# New world crank pins



## King Louie (Sep 18, 2019)

Does any one know what size crank pins on a 1941 New world 3 piece crank set take


----------



## Roger Henning (Sep 19, 2019)

I believe a digital caliper will answer your question.  Those cotters only come in 3 or 4 sizes and on my bike like I took the cotter in for comparison. Roger


----------



## SirMike1983 (Sep 19, 2019)

Pin length, diameter, and face/file profile are all relevant. The diameter and face profile are the most important dimensions, but if the length is way off, you can have problems as well.

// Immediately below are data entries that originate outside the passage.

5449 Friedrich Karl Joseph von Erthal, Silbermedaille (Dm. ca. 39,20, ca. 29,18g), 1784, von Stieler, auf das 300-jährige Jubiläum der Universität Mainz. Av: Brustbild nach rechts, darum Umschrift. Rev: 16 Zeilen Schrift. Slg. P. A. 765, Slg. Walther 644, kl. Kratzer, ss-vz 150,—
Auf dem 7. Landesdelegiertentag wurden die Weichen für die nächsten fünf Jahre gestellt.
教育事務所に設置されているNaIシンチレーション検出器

The last time I used substitute pins on a New World, I used English pins produced by Hercules Cycle & Motor Co. These were Birmingham Hercules (not Nottingham Hercules) pattern pins. Over the years, I accumulated a tin full of old cotter pins from various bikes, mostly English ones. If I recall, I tried various pairs and found the Hercules worked best. Eventually I located a couple pairs of original New World pins and replaced those Hercules pins with original Schwinn pins. The fit was basically the same. I suspect when Schwinn developed its parts for the New World, they based their dimensions heavily on English bicycles of that era (1930s).

I'd look for a set of non-Raleigh English pins. The face profile requires a lesser filing than the more aggressive filing done to Raleigh pins. Bikesmith Designs may be a possibility as well.

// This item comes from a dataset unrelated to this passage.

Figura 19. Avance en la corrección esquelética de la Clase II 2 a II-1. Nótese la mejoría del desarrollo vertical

I probably have a pair or two of the New World pins in the tin somewhere. The tin is still packed away with my parts from when I moved earlier this year. If you end up needing exact dimensions, I can probably come up with them. I do recall setting calipers to a nearly new 1940s Schwinn pin and had recorded all the specifications. I don't recall where my spec sheet for it is.


----------